Researchers say climate change is impacting food security for Indigenous Alaskans – seal hunting season is shortening in some areas
The study, led by Indigenous hunters, Native Village of Kotzebue and scientists at the University of Alaska Fairbanks, shows that the seal hunting season shrank by about one day a year.
“We used to hunt ugruk into July when I was growing up back in the 1950s,” said Bobby Schaeffer, a Kotzebue elder, hunter and co-author of the new paper.
“People would be out there during Fourth of July celebration because there was so much ice. Now sometimes we’re done before June comes around.”
“Now sometimes we’re done before June comes around.”

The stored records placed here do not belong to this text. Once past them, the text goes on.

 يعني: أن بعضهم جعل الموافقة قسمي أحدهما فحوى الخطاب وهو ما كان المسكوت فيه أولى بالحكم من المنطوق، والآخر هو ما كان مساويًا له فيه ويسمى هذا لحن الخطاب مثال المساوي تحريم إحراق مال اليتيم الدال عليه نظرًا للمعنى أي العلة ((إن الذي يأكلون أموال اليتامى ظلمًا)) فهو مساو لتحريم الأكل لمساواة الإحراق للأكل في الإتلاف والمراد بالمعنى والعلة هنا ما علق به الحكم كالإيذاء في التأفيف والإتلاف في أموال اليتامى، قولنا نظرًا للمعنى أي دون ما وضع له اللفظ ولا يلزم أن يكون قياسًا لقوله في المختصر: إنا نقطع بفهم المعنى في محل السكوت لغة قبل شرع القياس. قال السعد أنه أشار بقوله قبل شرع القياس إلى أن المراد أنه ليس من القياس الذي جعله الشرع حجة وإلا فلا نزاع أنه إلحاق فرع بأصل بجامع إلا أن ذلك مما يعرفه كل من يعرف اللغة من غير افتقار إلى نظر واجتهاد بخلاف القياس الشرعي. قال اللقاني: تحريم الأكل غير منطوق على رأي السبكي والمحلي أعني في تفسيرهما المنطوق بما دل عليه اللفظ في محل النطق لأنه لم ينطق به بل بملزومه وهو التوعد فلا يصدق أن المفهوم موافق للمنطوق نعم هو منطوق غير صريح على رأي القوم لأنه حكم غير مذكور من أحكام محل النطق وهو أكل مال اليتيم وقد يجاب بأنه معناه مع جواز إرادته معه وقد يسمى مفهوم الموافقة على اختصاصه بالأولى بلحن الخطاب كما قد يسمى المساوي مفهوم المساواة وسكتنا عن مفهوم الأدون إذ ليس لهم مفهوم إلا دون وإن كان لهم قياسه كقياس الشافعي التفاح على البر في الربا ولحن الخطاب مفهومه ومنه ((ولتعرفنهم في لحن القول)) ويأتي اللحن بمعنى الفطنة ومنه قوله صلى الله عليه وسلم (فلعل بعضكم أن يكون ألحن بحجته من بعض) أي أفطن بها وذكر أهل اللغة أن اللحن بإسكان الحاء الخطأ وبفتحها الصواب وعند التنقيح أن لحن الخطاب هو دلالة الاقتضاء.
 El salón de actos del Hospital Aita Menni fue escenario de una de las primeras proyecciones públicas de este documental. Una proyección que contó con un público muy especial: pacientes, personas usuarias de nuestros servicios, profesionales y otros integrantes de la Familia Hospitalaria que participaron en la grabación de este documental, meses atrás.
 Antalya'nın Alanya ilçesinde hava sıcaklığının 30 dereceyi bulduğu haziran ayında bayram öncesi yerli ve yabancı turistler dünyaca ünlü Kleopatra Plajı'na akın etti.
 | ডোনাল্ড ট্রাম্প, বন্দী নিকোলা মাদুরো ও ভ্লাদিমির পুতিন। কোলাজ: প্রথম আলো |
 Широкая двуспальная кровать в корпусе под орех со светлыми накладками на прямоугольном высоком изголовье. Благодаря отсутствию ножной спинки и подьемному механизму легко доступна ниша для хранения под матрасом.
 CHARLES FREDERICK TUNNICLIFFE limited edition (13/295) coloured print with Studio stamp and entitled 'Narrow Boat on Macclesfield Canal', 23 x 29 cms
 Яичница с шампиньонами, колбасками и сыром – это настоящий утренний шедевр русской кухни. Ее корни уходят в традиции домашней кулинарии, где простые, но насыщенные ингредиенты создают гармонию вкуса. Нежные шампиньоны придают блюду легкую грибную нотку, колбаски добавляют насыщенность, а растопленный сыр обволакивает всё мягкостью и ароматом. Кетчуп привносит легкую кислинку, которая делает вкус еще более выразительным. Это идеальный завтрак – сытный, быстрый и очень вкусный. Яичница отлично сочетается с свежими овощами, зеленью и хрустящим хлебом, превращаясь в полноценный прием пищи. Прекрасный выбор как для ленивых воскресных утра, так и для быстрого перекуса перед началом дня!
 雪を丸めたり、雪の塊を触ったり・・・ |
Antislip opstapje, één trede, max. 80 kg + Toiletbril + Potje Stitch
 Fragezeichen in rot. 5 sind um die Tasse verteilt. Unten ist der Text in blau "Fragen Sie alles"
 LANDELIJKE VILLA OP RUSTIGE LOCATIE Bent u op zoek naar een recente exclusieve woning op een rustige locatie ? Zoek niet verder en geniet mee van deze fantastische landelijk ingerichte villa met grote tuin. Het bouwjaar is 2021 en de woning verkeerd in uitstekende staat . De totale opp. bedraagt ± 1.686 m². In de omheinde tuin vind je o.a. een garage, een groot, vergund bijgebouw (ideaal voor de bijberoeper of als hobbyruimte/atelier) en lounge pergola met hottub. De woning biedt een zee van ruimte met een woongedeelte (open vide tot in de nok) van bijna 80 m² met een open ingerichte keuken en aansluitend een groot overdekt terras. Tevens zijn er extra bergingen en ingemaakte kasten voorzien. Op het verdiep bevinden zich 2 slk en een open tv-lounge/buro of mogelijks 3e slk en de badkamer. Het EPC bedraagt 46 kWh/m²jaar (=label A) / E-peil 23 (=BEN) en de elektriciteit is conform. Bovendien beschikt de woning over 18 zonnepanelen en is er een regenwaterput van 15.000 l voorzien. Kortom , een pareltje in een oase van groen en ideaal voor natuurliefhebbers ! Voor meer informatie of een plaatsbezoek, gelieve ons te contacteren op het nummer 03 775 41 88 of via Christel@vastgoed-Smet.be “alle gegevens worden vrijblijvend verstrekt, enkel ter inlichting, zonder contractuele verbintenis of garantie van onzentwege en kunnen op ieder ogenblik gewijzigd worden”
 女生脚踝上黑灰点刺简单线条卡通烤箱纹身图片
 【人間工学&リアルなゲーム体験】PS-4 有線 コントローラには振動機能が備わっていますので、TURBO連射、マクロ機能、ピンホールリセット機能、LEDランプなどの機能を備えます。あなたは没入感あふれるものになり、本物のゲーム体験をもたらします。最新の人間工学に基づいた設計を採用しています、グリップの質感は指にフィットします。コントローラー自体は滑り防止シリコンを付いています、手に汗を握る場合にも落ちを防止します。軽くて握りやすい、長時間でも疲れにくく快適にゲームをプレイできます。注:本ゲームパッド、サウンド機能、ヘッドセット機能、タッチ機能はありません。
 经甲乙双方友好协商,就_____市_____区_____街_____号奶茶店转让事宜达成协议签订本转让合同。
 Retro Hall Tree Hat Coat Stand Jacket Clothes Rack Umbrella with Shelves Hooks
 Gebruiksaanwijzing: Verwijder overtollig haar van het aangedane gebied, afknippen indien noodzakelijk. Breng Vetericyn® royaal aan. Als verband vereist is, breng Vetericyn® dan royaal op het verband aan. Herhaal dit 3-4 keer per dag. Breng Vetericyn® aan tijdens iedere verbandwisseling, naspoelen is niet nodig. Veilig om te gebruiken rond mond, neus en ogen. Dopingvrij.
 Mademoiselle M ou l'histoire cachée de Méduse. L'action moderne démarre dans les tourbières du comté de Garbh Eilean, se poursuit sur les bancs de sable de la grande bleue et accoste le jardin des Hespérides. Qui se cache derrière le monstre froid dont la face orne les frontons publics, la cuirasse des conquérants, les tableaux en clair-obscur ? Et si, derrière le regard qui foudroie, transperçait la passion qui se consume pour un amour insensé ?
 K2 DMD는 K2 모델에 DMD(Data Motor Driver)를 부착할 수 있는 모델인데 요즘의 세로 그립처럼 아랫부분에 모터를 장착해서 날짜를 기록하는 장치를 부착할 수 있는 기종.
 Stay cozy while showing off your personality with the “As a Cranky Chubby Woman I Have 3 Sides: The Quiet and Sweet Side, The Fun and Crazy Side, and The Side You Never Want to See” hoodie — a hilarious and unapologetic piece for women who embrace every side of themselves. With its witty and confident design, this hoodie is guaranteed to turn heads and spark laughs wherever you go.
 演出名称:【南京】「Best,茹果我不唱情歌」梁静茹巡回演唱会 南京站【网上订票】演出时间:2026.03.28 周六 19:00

This decline is majorly driven by loss of sea ice, as the planet increases in temperature. In the past, the Earth was able to rebalance itself – but now, as the IPCC report pointed out, human influence has pushed the planet to be hotter than it has been for the last 3 million years.
Donna Hauser, marine mammal biologist at the UAF International Arctic Research Center and co-leader of the research, said: “Kotzebue Sound provides important spring habitat for bearded seals, with ice floes as platforms for seals to rest on between foraging bouts.
“We learned from our Kotzebue research partners that hunting ugruk is actually like hunting the right kind of ice.”
In the past, hunters found ugruk on these ice floe resting platforms.
The study combined hunter knowledge of the ice conditions needed for ugruk hunting with data from satellite images. The results showed that the necessary ice floes now melt from the Kotzebue Sound roughly 22 days earlier than they did in 2003, the first year of the study.
“In some years there is only a good weekend or two”
While the hunting season is pushed to a close about 26 days earlier on average than in the past, hunters are not necessarily able to begin hunting any earlier. The season’s start timing is driven by the arrival of seals and a hunter’s ability to launch boats through a channel in the ice that opens in front of Kotzebue.
Alex Whiting, director of the Native Village of Kotzebue’s Environmental Program and co-leader of the research, said: “Now in some years there is only a good weekend or two, and, if people want to maximize their opportunity, they have to prepare before the season even starts.”